Given a snippet of html:
from https://www.discogs.com/release/7896531-The-Rolling-Stones-Some-Girls
...
<li>
<span class="entity_1XpR8">Recorded By</span>
" – "
EMI Studios, Paris
</li>
<li>
<span class="entity_1XpR8">Mastered At</span>
" – "
Sterling Sound
</li>
etc etc etc
...
My code so far is something like:
import requests
import pandas as pd
from bs4 import BeautifulSoup
results = []
kw = "Mastered At"
with open("urls.txt") as file:
for line in file:
url = line.rstrip()
source = requests.get(url).text
soup = BeautifulSoup(source, "html.parser")
x = soup.find_all('span', string='Mastered At')
results.append((url, x))
print(results)
df = pd.DataFrame(results)
df.to_csv('mylist1.csv')
With some modifications based on comments below, still having issues:
As you can see I'm trying to do this within a for loop for each link in a list.
The URL list is a simple text file with separate lines for each. Since I'm scraping only one website the sources, class names, and etc should be the same, but the dish will change from page to page.
ex URL list:
https://www.discogs.com/release/7896531-The-Rolling-Stones-Some-Girls
https://www.discogs.com/release/3872976-Pink-Floyd-The-Wall
... etc etc etc
updated code snippet:
import requests
import pandas as pd
from bs4 import BeautifulSoup
results = []
with open("urls.txt") as file:
for line in file:
url = line.rstrip()
print(url)
source = requests.get(url).text
soup = BeautifulSoup(source, "html.parser")
for x in [x for x in soup.select('li') if x.select_one('span.spClass').text.strip() == 'Mastered At']:
results.append((x.select_one('a.linkClass').get('href'), x.select_one('a.linkClass').text.strip(),
x.select_one('span.spClass').text.strip()))
df = pd.DataFrame(results, columns=['Url', 'Mastered At', 'Studio'])
print(df)
df.to_csv('studios.csv')
I'm hoping the output in this case is Col 1: (url from txt file); Col 2: "Mastered At — Sterling Sound" (or just "Sterling Sound"), but for each page in the list because these items vary from page to page. I will change the keyword to extract different list items accordingly. In the end I'd like one big spreadsheet with the full list or the url and corresponding item side by side something like below:
example:
album url | Sterling Sound
album url | Abbey Road
album url | Abbey Road
album url | Sterling Sound
album url | Real World Studios
album url | EMI Studios, Paris
album url | Sterling Sound
etc etc etc
Thanks for your help!
Cheers.

The Beautiful Soup library is best suited for this task.
You can use the following code to extract data:
import requests, lxml
from bs4 import BeautifulSoup
# urls.html would be better
with open("urls.txt") as file:
src = file.read()
soup = BeautifulSoup(src, 'lxml')
for first, second in zip(soup.select("li span"), soup.select("li a")):
print(first)
print(second)
To find the desired selector, you can use the select() bs4 method. This method accepts a selector to search for and returns a list of all matched HTML elements.
In this case, I use the zip() built-in function, which allows you to go through two structures at once in one cycle.
Then you can use the data for your tasks.

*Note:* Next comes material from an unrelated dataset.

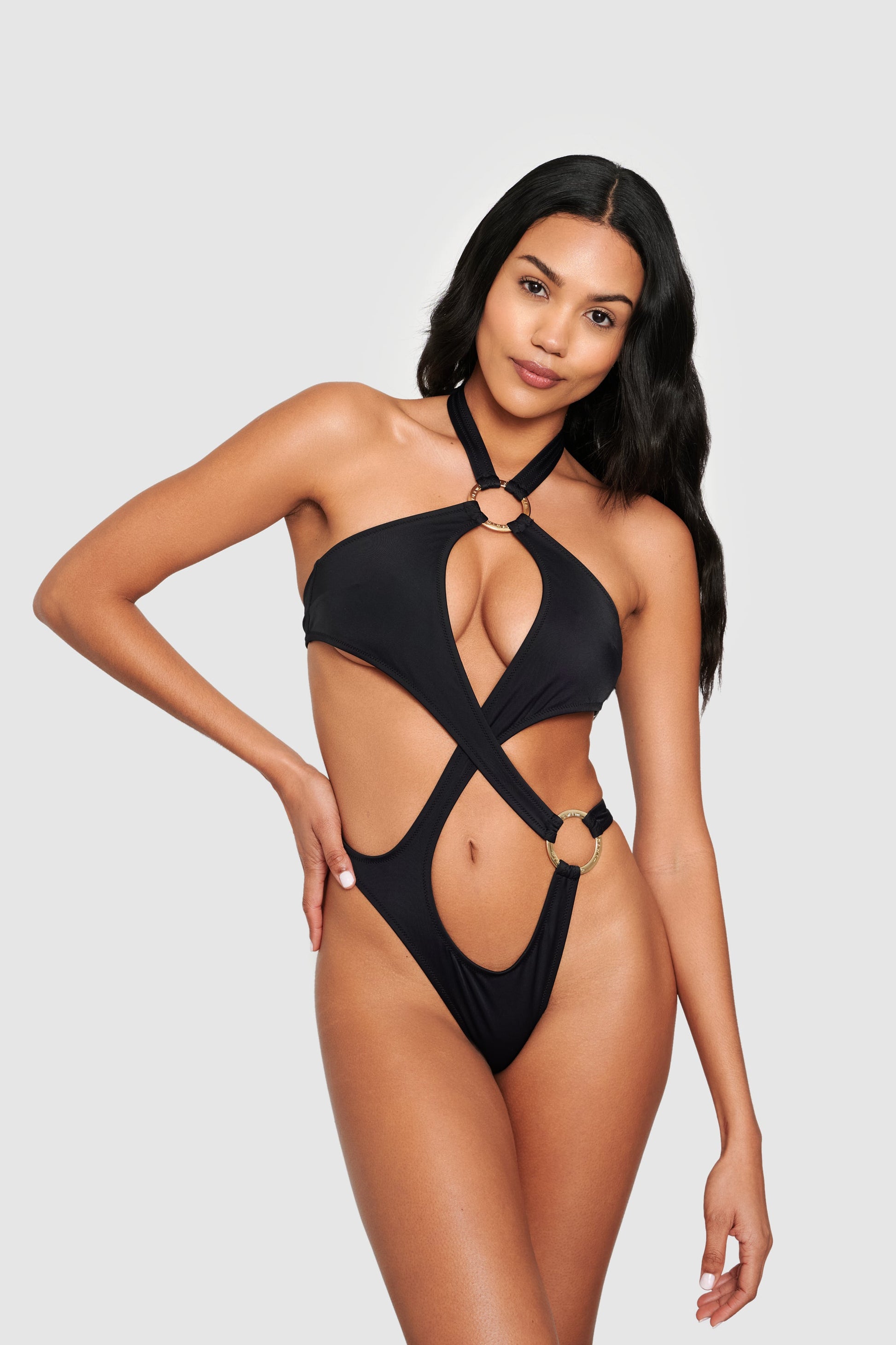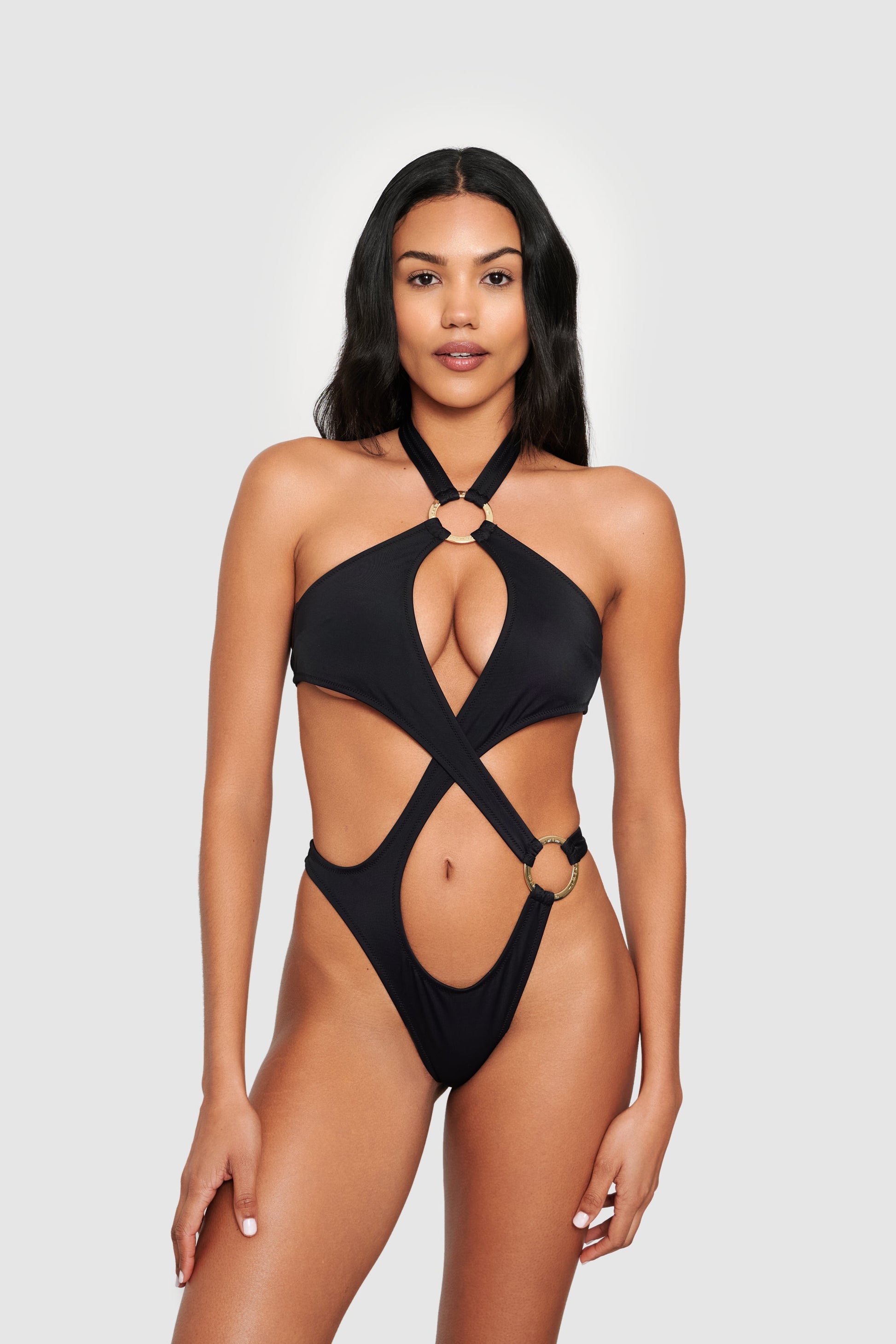 The AMALFI swimsuit has been perfectly designed to give you the best shape. The cut outs and shapes are all perfectly placed to enhance your curves. The cross over straps to cinch in your waist and enhance cleavage. High rise cut to elongate legs topped with two Adora Swim rings.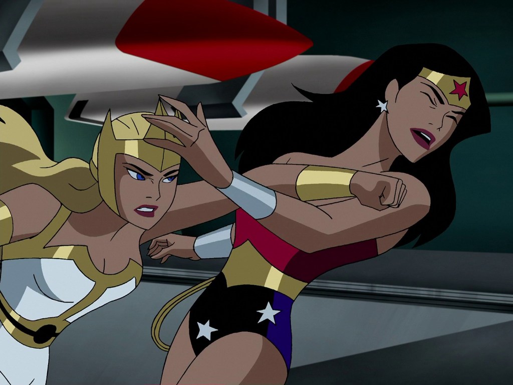 Hawkgirl continues to get away with some slightly edgier jokes, having previously mocked Flash for premature ejaculation, and this time telling Diana she needs to try some dick before she writes men off entirely. As funny of a moment as that is, it does open up some mildly provocative questions about Amazonian attitudes towards men, as while Wonder Woman doesn’t condone mass murder, she does question the necessity of men. Furthermore, Shayera comments that Aresia is simply taking Amazon doctrine to its natural conclusion, which sort of links up with my comments last time about if their strict culture is more to blame for Aresia’s actions than any ‘inherent’ evil. They don’t really dwell on it though. A running theme, unfortunately.

BeautifulSoup can use different parsers for html. If you have issues with lxml you can try others, like html.parser. You can try the following code, it will create a dataframe from your data, which can then be further saved to csv or other formats:
from bs4 import BeautifulSoup
import pandas as pd
html = '''
<li>
<span class = "spClass">Breakfast</span> " — "
Pancakes
</li>
<li>
<span class = "spClass">Lunch</span> " — "
Sandwiches
</li>
<li>
<span class = "spClass">Dinner</span> " — "
Stew
</li>
'''
soup = BeautifulSoup(html, 'html.parser')
df_list = []
for x in soup.select('li'):
df_list.append((x.select_one('a.linkClass').get('href'), x.select_one('a.linkClass').text.strip(), x.select_one('span.spClass').text.strip()))
df = pd.DataFrame(df_list, columns=['Url', 'Food', 'Type'])
print(df) ## you can save the dataframe as csv like so: df.to_csv('foods.csv')
Result:
Url Food Type
0 /examplepage/Pancakes Pancakes Breakfast
1 /examplepage/Sandwiches Sandwiches Lunch
2 /examplepage/Stew Stew Dinner
EDIT: If you only want to extract specific li tags, as per your comment, you can do:
soup = BeautifulSoup(html, 'html.parser')
df_list = []
for x in [x for x in soup.select('li') if x.select_one('span.spClass').text.strip() == 'Dinner']:
df_list.append((x.select_one('a.linkClass').get('href'), x.select_one('a.linkClass').text.strip(), x.select_one('span.spClass').text.strip()))
df = pd.DataFrame(df_list, columns=['Url', 'Food', 'Type'])
And this will return:
Url Food Type
0 /examplepage/Stew Stew Dinner

How to find text of <div><span>text</span></div> in beautifulsoup?

This is the HTML:
<div><div id="NhsjLK">
<li class="EditableListItem NavListItem FollowersNavItem NavItem not_removable">
Followers <span class="list_count">92</span></li></div></div>
I want to extract the text 92 and convert it into integer and print in python2. How can I?
Code:
i = soup.find('div', id='NhsjLK')
print "Followers :", i.find('span', id='list_count').text

I'd not go with getting it by the class directly, since I think "list_count" is too broad of a class value and might be used for other things on the page.
There are definitely several different options judging by this HTML snippet alone, but one of the nicest, from my point of you, is to use that "Followers" text/label and get the next sibling of it:
from bs4 import BeautifulSoup
data = """
<div><div id="NhsjLK">
<li class="EditableListItem NavListItem FollowersNavItem NavItem not_removable">
Followers <span class="list_count">92</span></li></div></div>"""
soup = BeautifulSoup(data, "html.parser")
count = soup.find(text=lambda text: text and text.startswith('Followers')).next_sibling.get_text()
count = int(count)
print(count)
Or, an another, a very concise and reliable approach would be to use the partial match (the *= part below) on the href value of the parent a element:
count = int(soup.select_one("a[href*=followers] .list_count").get_text())
Or, you might check the class value of the parent li element:
count = int(soup.select_one("li.FollowersNavItem .list_count").get_text())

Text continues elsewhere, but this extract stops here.